## COLLECTED MATERIAL
------------
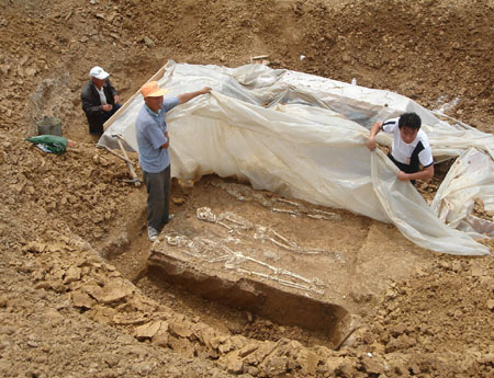 Archeologists unearth two human skeletal remains from a tomb dated before the Qin Dynasty (221BC - 206BC) in Fengyang, East China's Anhui Province, June 12, 2007. Nine people were excavated along with bronze cooking vessels and chimes. [newsphoto]
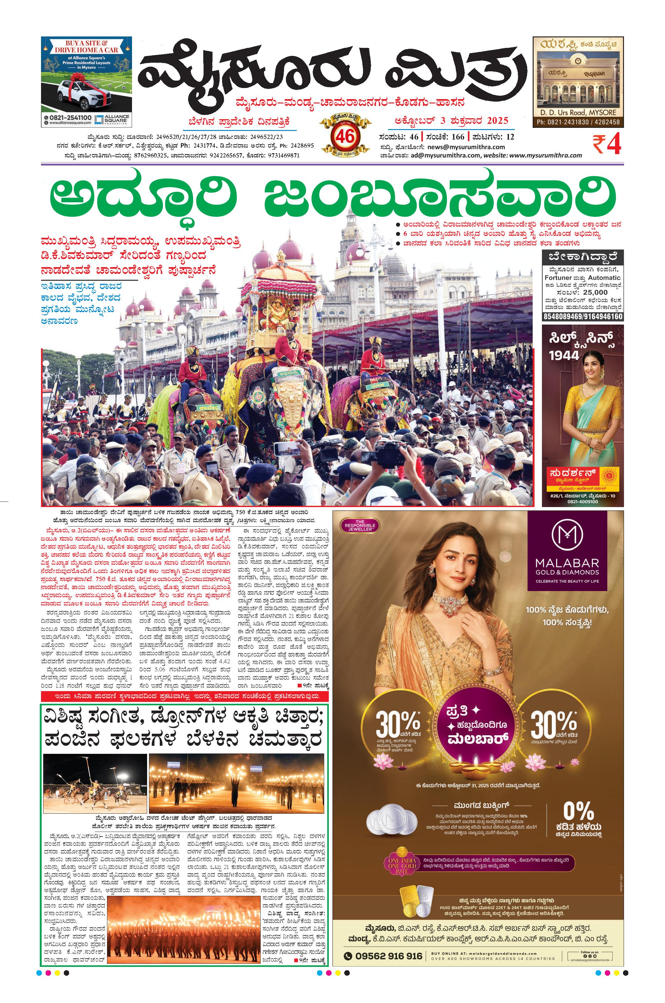 Mysuru Mithra Page: 3 October 03, 2025 << First << 3 >> Last >> Page 1Page 2Page 3Page 4Page 5Page 6Page 7Page 8Page 9Page 10Page 11Page 12 × Mysuru Mithra << First << 3 >> Last >> Page-1Page-2Page-3Page-4Page-5Page-6Page-7Page-8Page-9Page-10Page-11Page-12
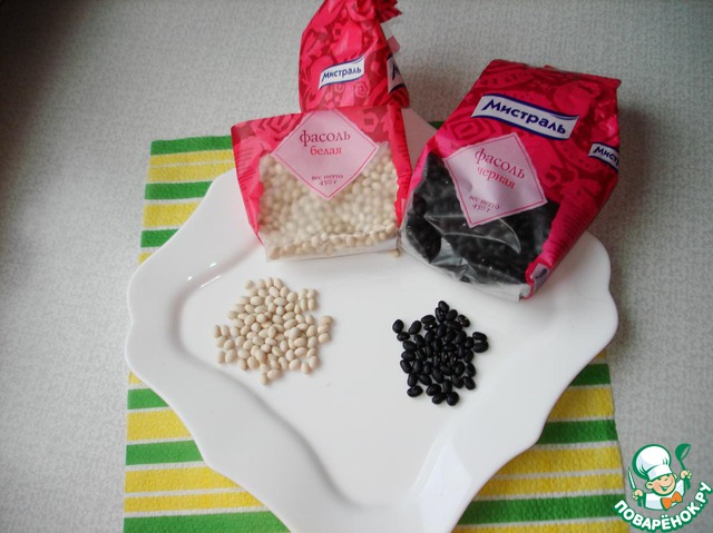 Белую и черную фасоль замачиваем и варим по отдельности.
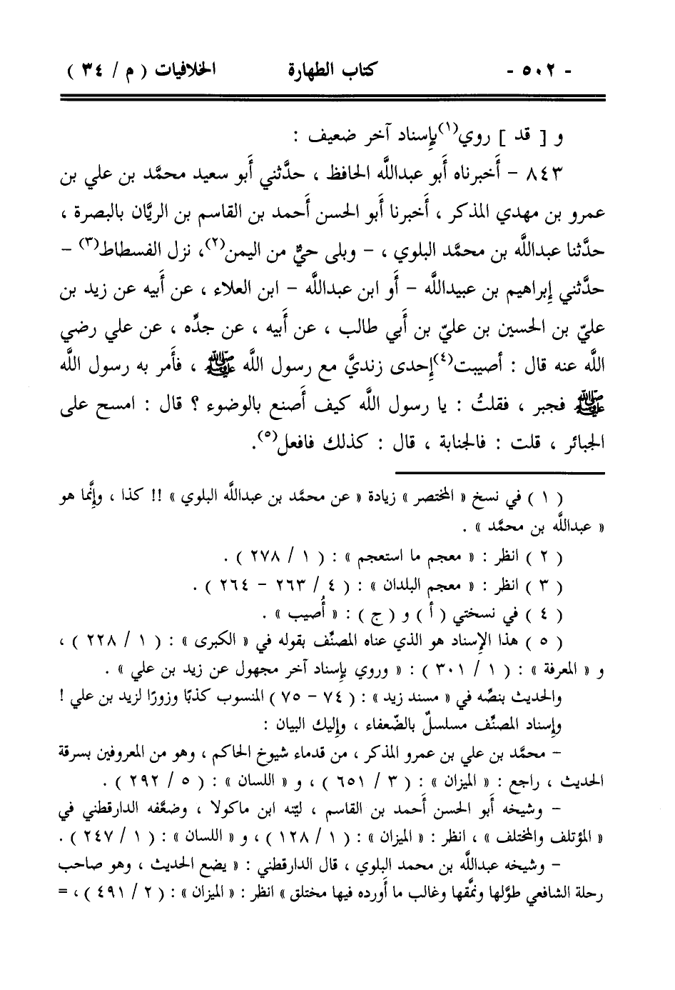 843- أخبرناه أبو عبد الله الحافظ، حدثني أبو سعيد محمد بن علي بن عمرو بن مهدي المذكر، أخبرنا أبو الحسن أحمد بن القاسم بن الريان بالبصرة، حدثنا عبد الله بن محمد البلوي، -وبلى حيٌ من اليمن، نزل الفسطاط- حدثني إبراهيم بن عبيد الله -أو ابن عبد الله- ابن العلاء، عن أبيه عن زيد بن علي بن الحسين بن علي بن أبي طالب، عن أبيه، عن جده، عن علي رضي الله عنه قال: أصيبت إحدى زندي مع رسول الله صلى الله عليه وسلم ، فأمر به رسول الله صلى الله عليه وسلم فجبر، فقلت: يا رسول الله كيف أصنع بالوضوء؟ قال: امسح على الجبائر، قلت: فالجنابة، قال: كذلك فافعل.
------------
## WORK INSTRUCTION
The required response consists solely of the lines from the line containing "Mysuru Mithra Page: 3" through the end of the listing, both ends included, copied exactly without pictures.

## OUTPUT OF THE EXERCISE
 Mysuru Mithra Page: 3 October 03, 2025 << First << 3 >> Last >> Page 1Page 2Page 3Page 4Page 5Page 6Page 7Page 8Page 9Page 10Page 11Page 12 × Mysuru Mithra << First << 3 >> Last >> Page-1Page-2Page-3Page-4Page-5Page-6Page-7Page-8Page-9Page-10Page-11Page-12
 Белую и черную фасоль замачиваем и варим по отдельности.
 843- أخبرناه أبو عبد الله الحافظ، حدثني أبو سعيد محمد بن علي بن عمرو بن مهدي المذكر، أخبرنا أبو الحسن أحمد بن القاسم بن الريان بالبصرة، حدثنا عبد الله بن محمد البلوي، -وبلى حيٌ من اليمن، نزل الفسطاط- حدثني إبراهيم بن عبيد الله -أو ابن عبد الله- ابن العلاء، عن أبيه عن زيد بن علي بن الحسين بن علي بن أبي طالب، عن أبيه، عن جده، عن علي رضي الله عنه قال: أصيبت إحدى زندي مع رسول الله صلى الله عليه وسلم ، فأمر به رسول الله صلى الله عليه وسلم فجبر، فقلت: يا رسول الله كيف أصنع بالوضوء؟ قال: امسح على الجبائر، قلت: فالجنابة، قال: كذلك فافعل.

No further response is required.